Teuer, aber wenig Wirksamkeit – was zu vermeiden ist
Wir wollen kommunalen Klimaschutz mit Augenmaß für Wechselwirkungen mit der bestehenden Klimaschutzpolitik in Angriff nehmen. Sonst besteht die Gefahr von Wirkungsverlusten und Ressourcenverschwendung. Wichtig ist insgesamt die allgemeine Akzeptanz in der Bevölkerung für Maßnahmen des Klimaschutzes. Dafür brauchen wir ein konkretes Gesamtkonzept, das Klimaschutzmaßnahmen sinnvoll mit vorhandenen sozialen und gesellschaftlichen Strukturen verbindet. Der unbedingte Vorrang von Klimaschutzmaßnahmen im sog. Klimanotstand auch vor sozialen, haushalterischen und situationsbezogenen Überlegungen ist da nicht hilfreich. Niemand möchte die Kirchweihfeste, die Festwochen oder das Oktoberfest für einen eigentlich nur symbolisch gemeinten Klimanotstand aufgeben. Politik und Verwaltung lähmen sich in ihrem Handeln, wenn ausnahmslos jede Entscheidung ohne Rücksichtnahme auf Tragweiten, tatsächliche Effizienz und individuelle Umstände aufwändig auf ihre Klima-Wirkung hin untersucht werden muss.
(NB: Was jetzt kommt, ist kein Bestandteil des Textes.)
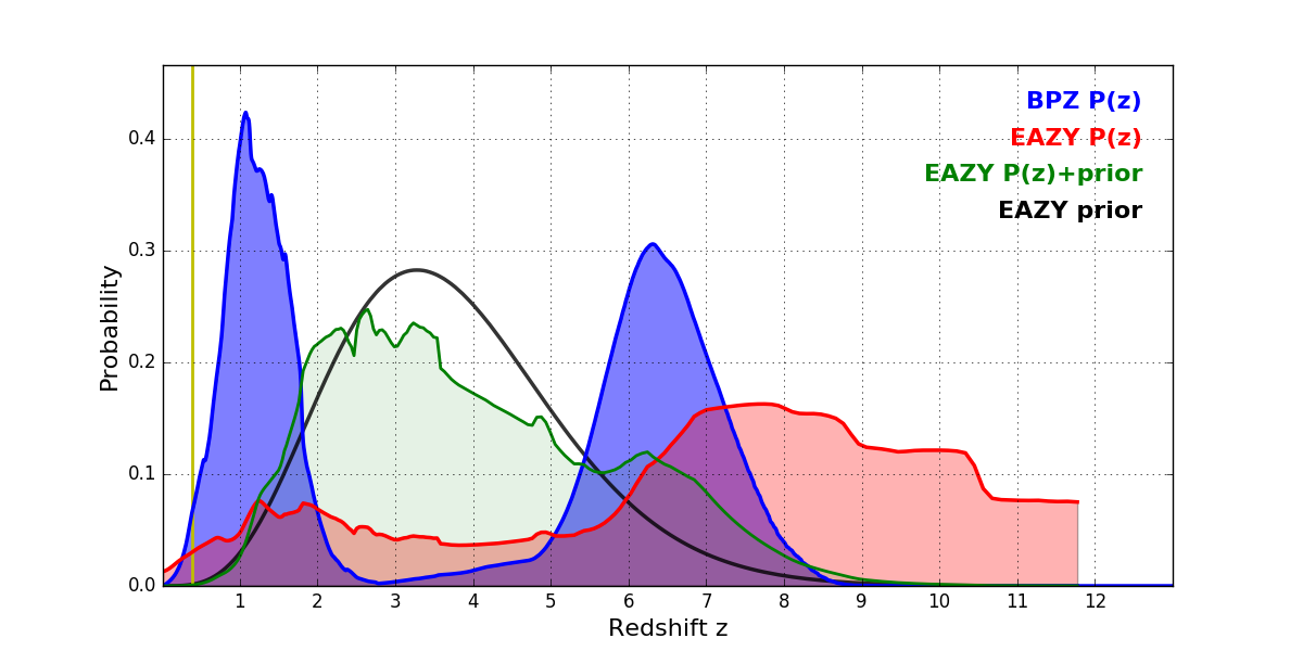 In P(z) plots: Yellow lines mark the cluster redshift z = 0.390,

Außerdem halten wir die Begrifflichkeit Klimanotstand für grundsätzlich schwierig. Der Notstand ist als politischer Begriff in Deutschland insbesondere mit den Notstandsgesetzen verbunden, durch die der Regierung in besonderen Situationen besondere Machtbefugnisse übertragen werden – so werden beispielsweise demokratische Entscheidungsprozesse „vereinfacht“ (d.h., sie können übergangen werden), außerdem können die Grundrechte der Bürgerinnen und Bürger zeitweilig eingeschränkt werden. Wir sollten den Begriff auch nicht symbolisch verwenden. Notstand bedeutet eine unüberschaubare Lage durch z.B. Krieg, Aufruhr oder ähnlichem und hat die Verkürzung des Rechtsschutzes zur Folge - wenn der Notstand oder Ausnahmezustand verhängt wird. Gerade im Bereich des Klimaschutzes sollte aber nicht auf die Bindung an Gesetz und Recht verzichtet werden.
Wir unterstützen aber lokale Klimaschutzpläne und schlagen den Initiatoren vor statt den "Notstand" auszurufen die Maßnahmen in "lokale Klimaoffensiven" zusammenzufassen.